What does the trial phase mean?

Phase 1 trials test safety and dosing in small groups (often 20–80 healthy volunteers or patients). Phase 2 trials evaluate efficacy and side effects in larger groups (100–300 patients with the target condition). Phase 3 trials confirm efficacy and monitor safety in the largest groups (300–3,000+ patients) and form the basis of an FDA approval submission. Phase 4 studies happen after a treatment is approved, monitoring long-term safety and effectiveness in real-world use.
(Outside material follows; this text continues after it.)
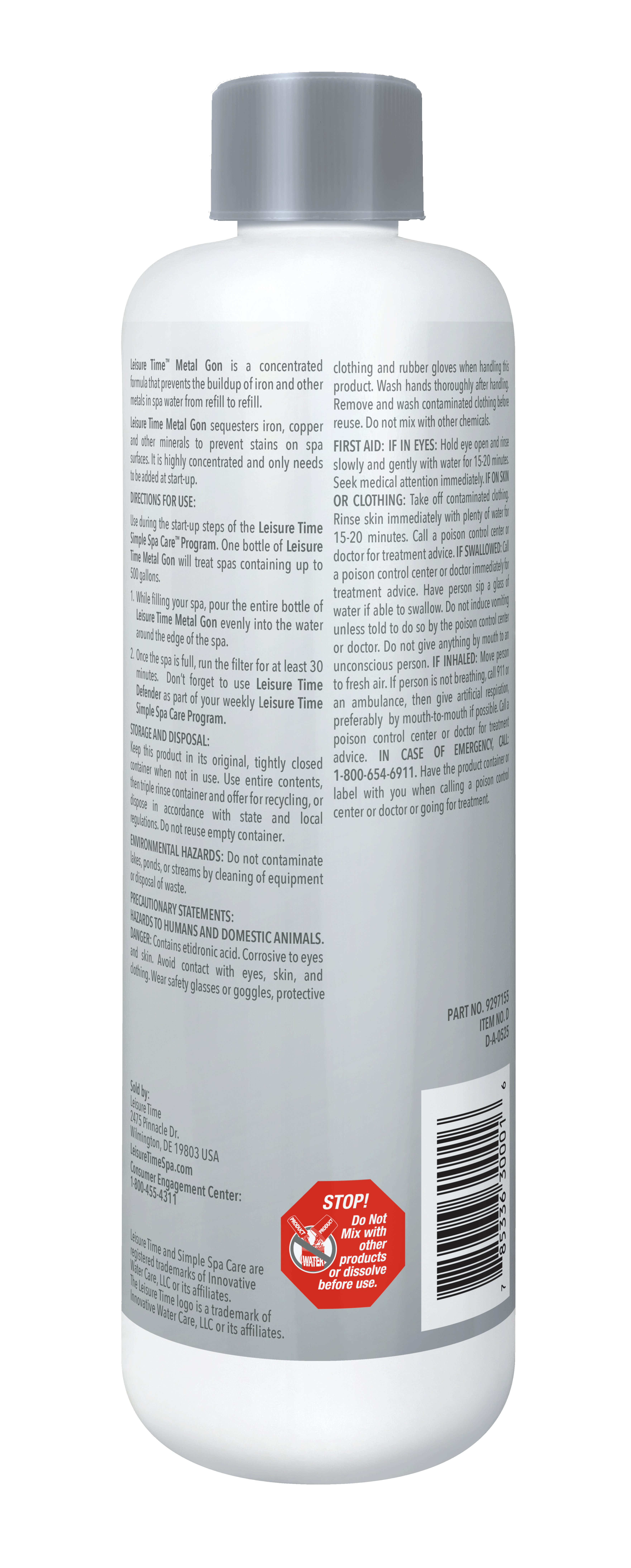 - Leisure Time® Metal Gon prevents metal and mineral stains at startup for a more relaxing spa experience

Some trials register without a phase — common for device, behavioral, or observational studies.

Where does this trial data come from?

All trial data is pulled directly from the ClinicalTrials.gov API v2, the official federal trial registry maintained by the National Library of Medicine at NIH. Under FDAAA 801, most U.S. drug and device trials are required to register, making ClinicalTrials.gov the most comprehensive source. Sponsors are responsible for keeping their listings current; trial status can shift between data refreshes.

How This Sponsor Page Is Built

Every count on this page is derived directly from ClinicalTrials.gov API v2 records. Trial counts include all trials currently registered to this sponsor; the recruiting count reflects trials with status "Recruiting" or equivalent. Plain-English eligibility translations on each linked trial page preserve the original clinical text alongside an accessible version. Read the full methodology for the data pipeline and limitations.

Source: ClinicalTrials.gov API v2, maintained by the National Library of Medicine at NIH. Public domain. Cite as: "TrialFinderData. Data: ClinicalTrials.gov."

Medical disclaimer: This page is informational, not medical advice. Talk to your doctor about whether a clinical trial is right for you.

Last updated 2026-05-08 · 8 trials tracked for University of Missouri-Columbia.

The this entity record above pulls directly from the NIH ClinicalTrials.gov registry. What follows is the per-entity context — how this entity sits in the broader U.S. clinical trials and research registries distribution and which underlying factors drive the headline numbers.

Every number on this page links back to the NIH ClinicalTrials.gov registry; the methodology page describes the inputs, refresh cadence, and known limitations of the underlying data product.

For readers using this page as a decision input, the related-entity pages elsewhere on the site provide the comparison set. The most useful comparison for this entity is typically a peer within active and historical clinical trials with similar size, similar exposure, or similar geography — not the national-level summary alone.